• PROBLEM STATEMENT: Transcribe exactly the lines from the one containing "- 如需修改美食大赛预制方案,请在预制列表文件夹中找到本期大赛的预制列表,使用与 3.2.10" through the end of the data, both included. Leave out pictures.

• ENTRIES SUPPLIED:
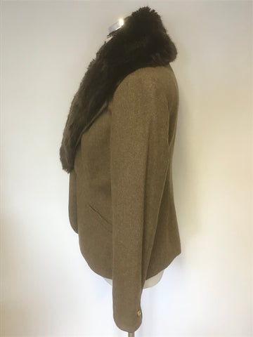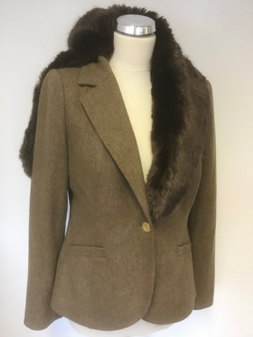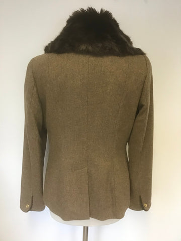 JOULES LARKWORTH BROWN TWEED JACKET WITH DETACHABLE FAUX FUR COLLAR SIZE 14
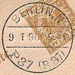 Bahnposthandstempel: Handstempel-gattung als Einlieferungs-, Durchgangs- oder Ankunftsstempel für eine Postsendung die mit der Eisenbahn befördert wurde |
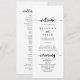 Este minimalista programa de bodas caligráficas es perfecto para un boda rústico. El diseño, sencillo y elegante, presenta una tipografía de escritura clásica y elegante en blanco y negro.
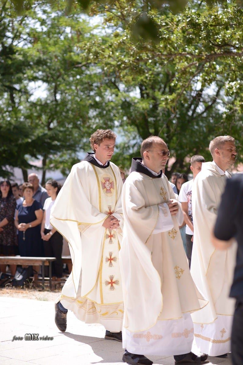 Euharistijsko slavlje započelo je procesijom. Fra Jozo Hrkać uputio prigodnu homiliju mladomisniku. Rekao je mladomisniku da jedino u osobnom odnosu s Bogom može jasno iščitati Božju volju za svoj život, ali isto tako mora druge uvesti u jednako osobni odnos s Bogom ako žele znati što Bog od njih traži. Uloga svećenika nije tu da govori drugima što trebaju činiti i što je za njih volja Božja. Uloga svećenika jest ljude uvoditi u zajedništvo s Bogom koji nam polako i strpljivo u otajstvu svoje ljubavi otkriva što je za naše posvećenje - što je volja Božja.
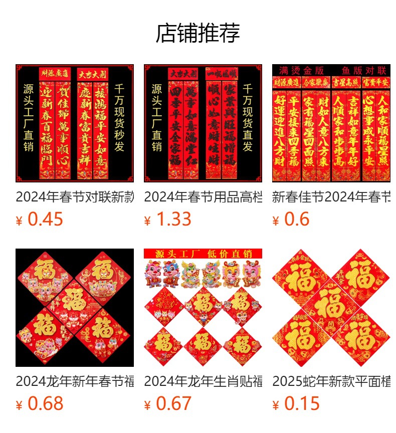 2025蛇年新款上市! 亿栗日用品厂 专业生产对联 福字门贴 生肖门贴 财神门神 立体金童玉女 平面植绒福 剪纸窗花 百样品种等年货用品 默认发中通 圆通快递 款式随机发 十个一个款式 请以10的倍数下单 同质量优惠价格 源头工厂厂家货源质量保证 买贵包退 请大家放心购买 客户的满意就是我们的追求!
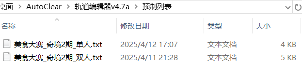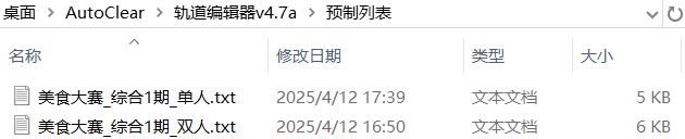 - 如需修改美食大赛预制方案,请在预制列表文件夹中找到本期大赛的预制列表,使用与 3.2.10 公会与情侣任务 相同的方法进行编辑。
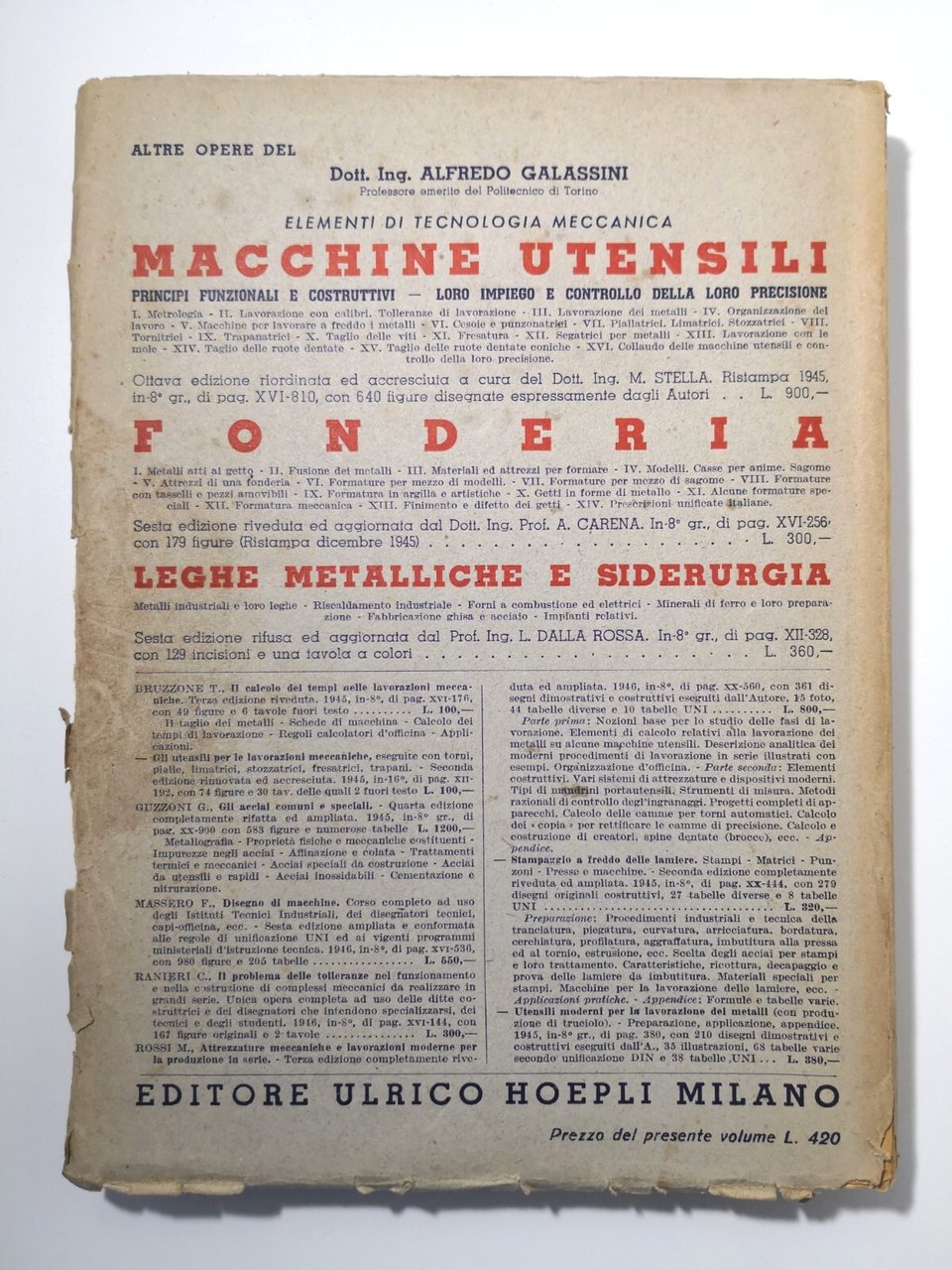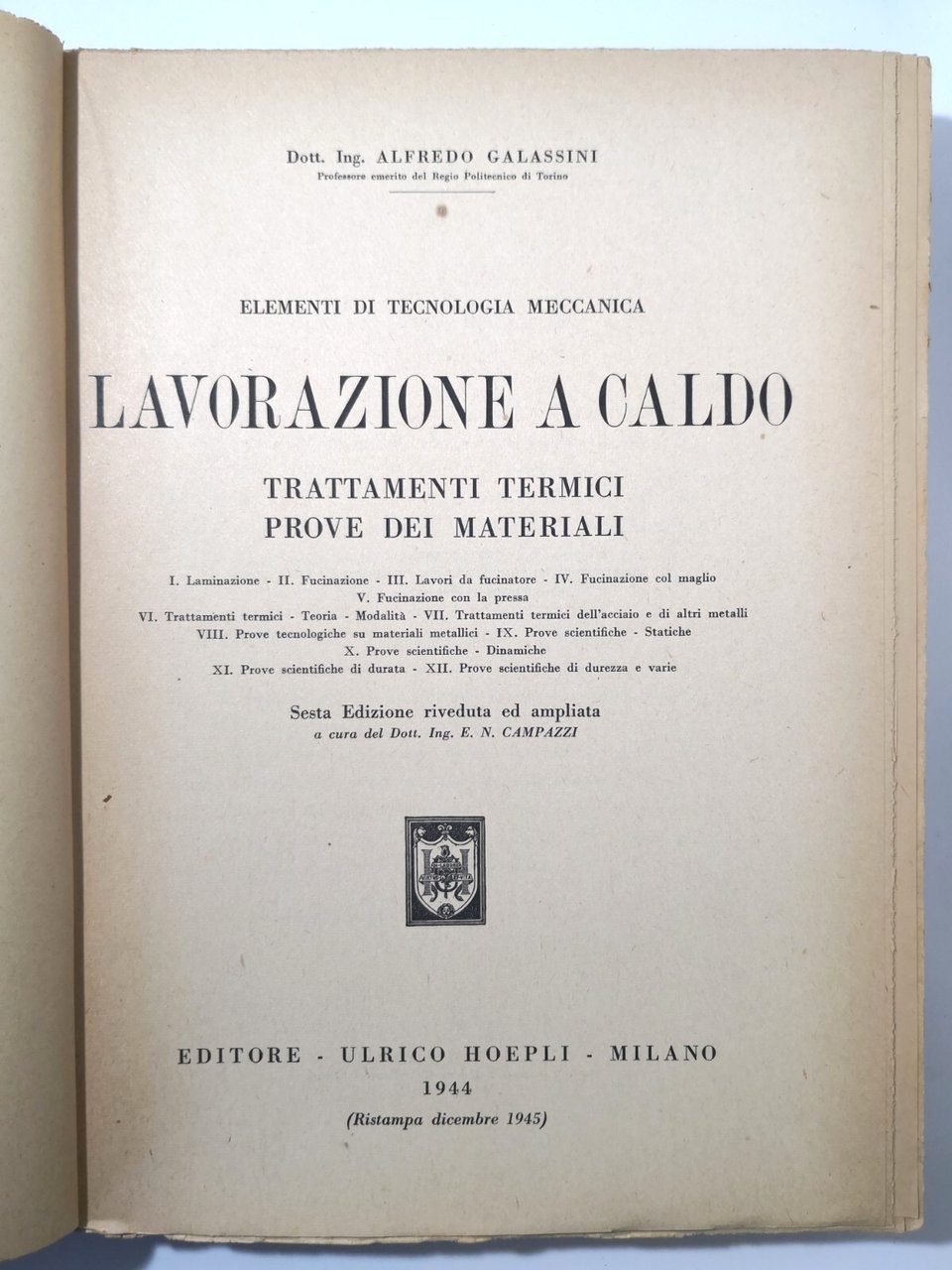 LAVORAZIONE A CALDO di Alfredo Galassini 1945 Hoepli Libro Manuale tecnologia

• COMPLETED TASK:
 - 如需修改美食大赛预制方案,请在预制列表文件夹中找到本期大赛的预制列表,使用与 3.2.10 公会与情侣任务 相同的方法进行编辑。
 LAVORAZIONE A CALDO di Alfredo Galassini 1945 Hoepli Libro Manuale tecnologia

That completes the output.